§ **Data shown**
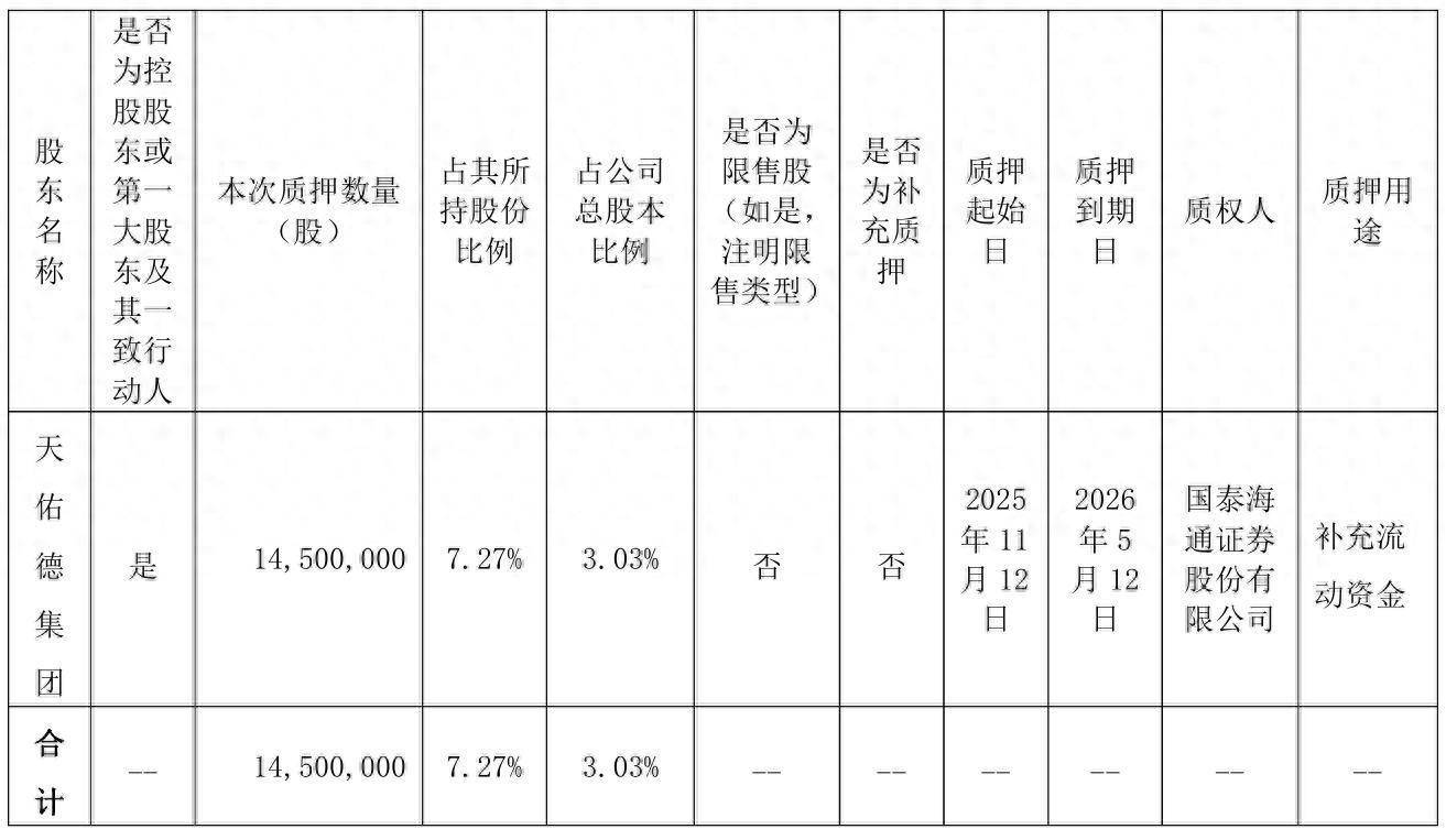 11月14日,天佑德酒(002646)发布公告,控股股东天佑德集团将其持有的1450万股股份办理质押,占其所持股份的7.27%及公司总股本的3.03%。
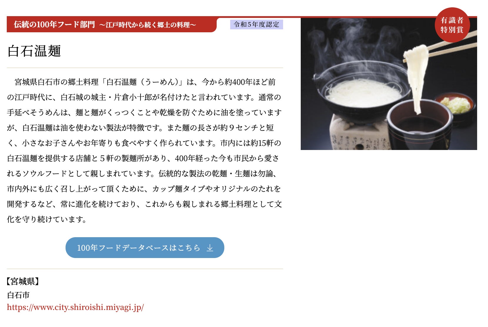 白石温麺は、文化庁が多様な食文化の継承・復興のために取り組む「100年フード」の中に令和5年度に認定された品として認定されています。
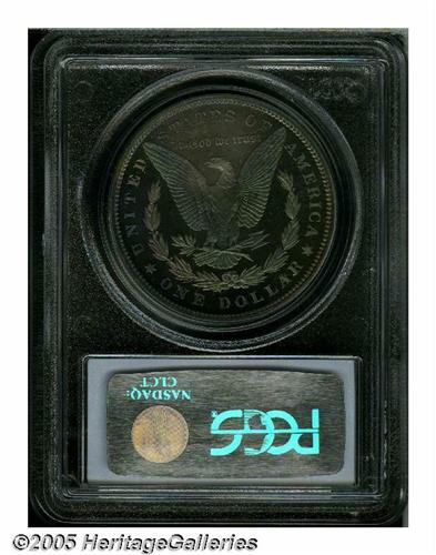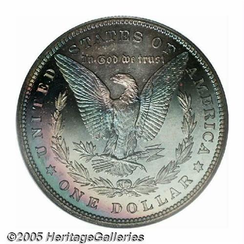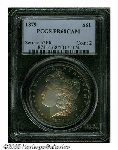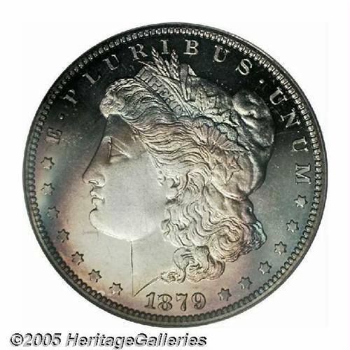 <B>1879<S$1> PR68 Cameo PCGS.</B></I> Some difference of opinion exists about the actual production of proofs this year. Mint records indicate 1,100 were struck, but Breen differs with this figure suggesting that just 650 proofs were produced; 250 struck in the first quarter, 500 in the second, for a total of 750, 100 of which were melted as unsold. His research lends him to believe that 450 leftover 1878 examples were counted in with the Mint figure as they were on hand in January, 1879. Bowers, on the other hand, believes that fewer than 1,100 proofs may have been struck, but more than the 650 figure. This is one of the few remaining examples that has been properly cared for over the years and never cleaned as so many were. A wonderful toning scheme including purple-magenta and turquoise-blue is seen in a concentric fashion on each side. Hairline and mark-free, a remarkably attractive coin. Population at both services: 3 in 68 Cameo, 0 finer (1/05).
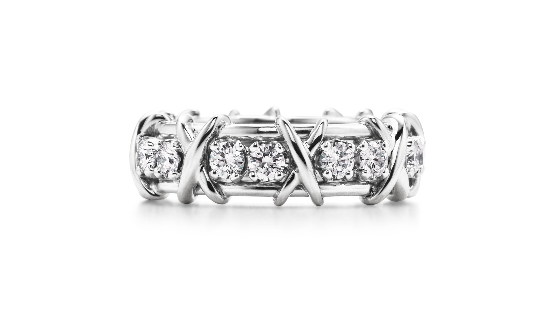 On her middle finger was a “Sixteen Stone” ring designed by Jean Schlumberger for Tiffany & Co. in 1959 to express love’s nurturing forces. It showcases 1.14 carats of round brilliant-cut diamonds interspersed with platinum Xs.
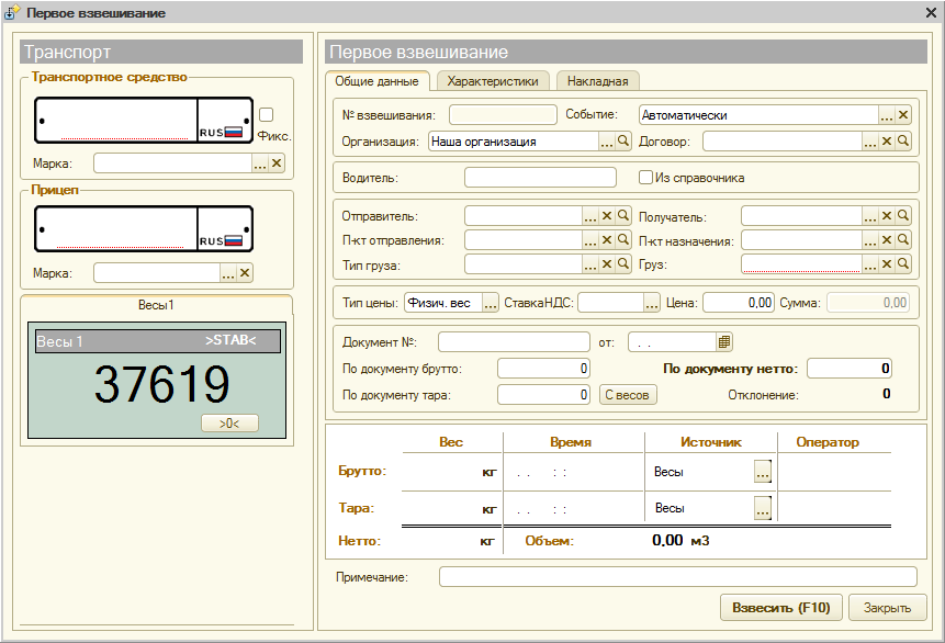 По умолчанию результат первого взвешивания автоматически запишется в БРУТТО. После второго взвешивания система сама определит, какому типу соответствует каждый отвес ТАРА или БРУТТО, и рассчитает НЕТТО. Исправлять или выбирать тип взвешивания (ТАРА или БРУТТО) не требуется.
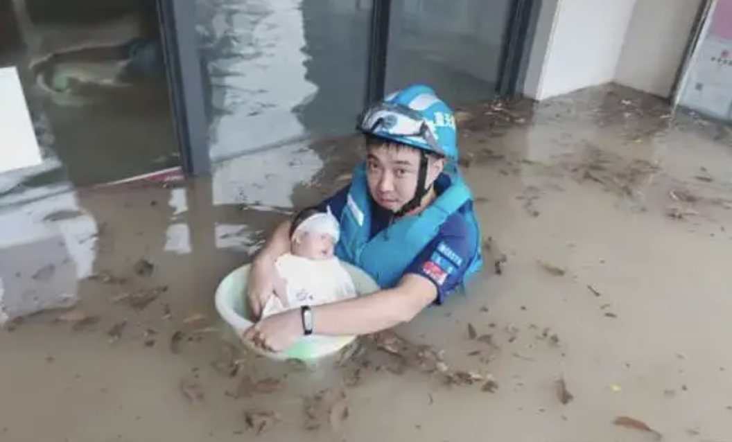 2020年,洪峯過境重慶,主城濱江路被淹。 志願者鑽進泥水中用臉盆救出了3個月大的嬰兒。
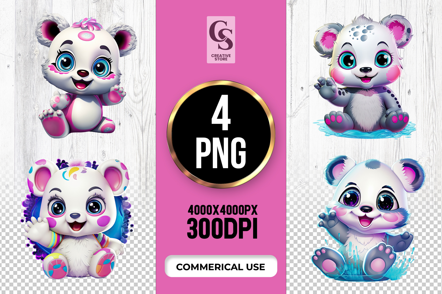 4 Cute Baby Panda Clipart Sublimation PNG Files Perfect for Greeting Cards, Invitations, Junk Journal, Party Decor, Scrapbooking and many other craft projects.
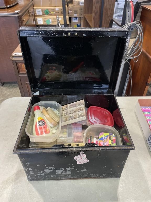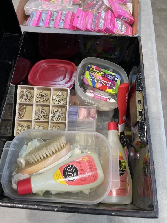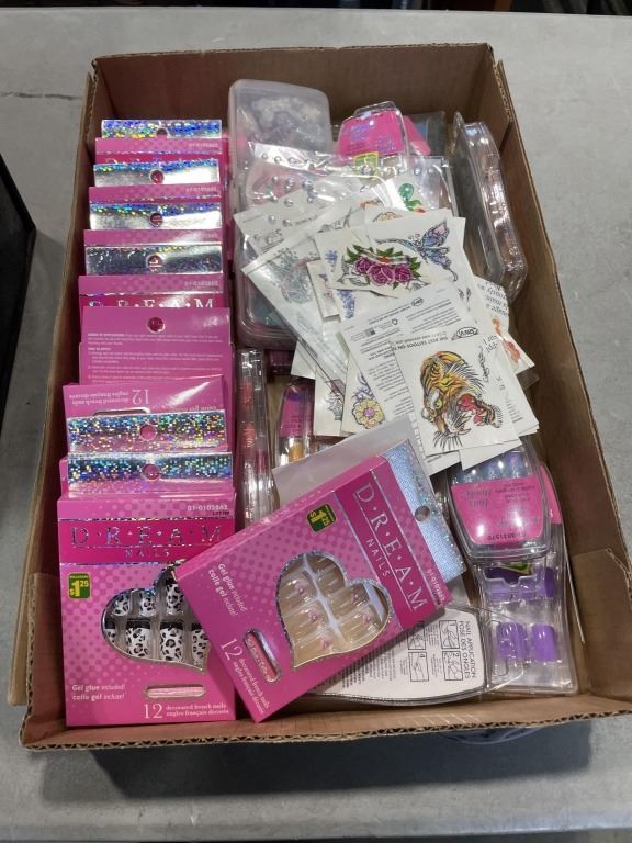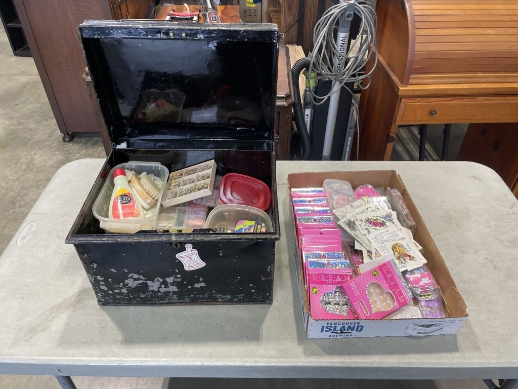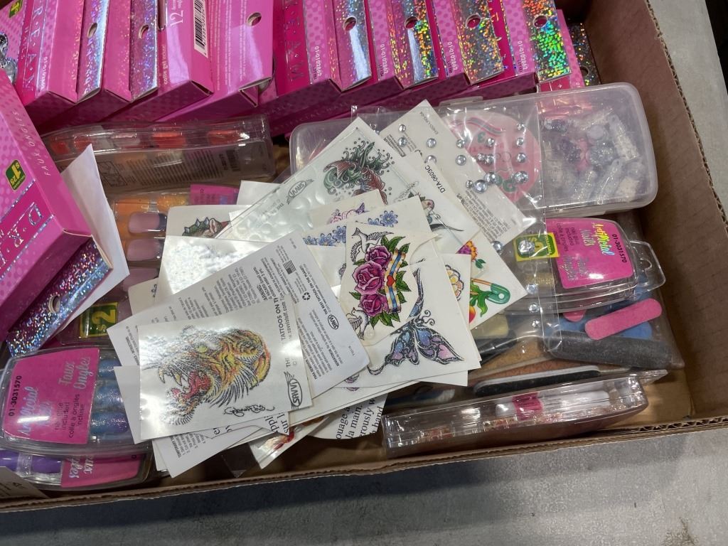 VINTAG EMETAL TRUNK FULL OF NAIL AND BEUTY IREMS, CRAFTS, AND TRAY OF FAKE TATTOOS 'ED HARDY' AND NA

§ **What is expected**
Write out again only the lines from the line that contains "2020年,洪峯過境重慶,主" through the last line of the records, both ends included, without any of the pictures.

§ **Solution for this exercise**
 2020年,洪峯過境重慶,主城濱江路被淹。 志願者鑽進泥水中用臉盆救出了3個月大的嬰兒。
 4 Cute Baby Panda Clipart Sublimation PNG Files Perfect for Greeting Cards, Invitations, Junk Journal, Party Decor, Scrapbooking and many other craft projects.
 VINTAG EMETAL TRUNK FULL OF NAIL AND BEUTY IREMS, CRAFTS, AND TRAY OF FAKE TATTOOS 'ED HARDY' AND NA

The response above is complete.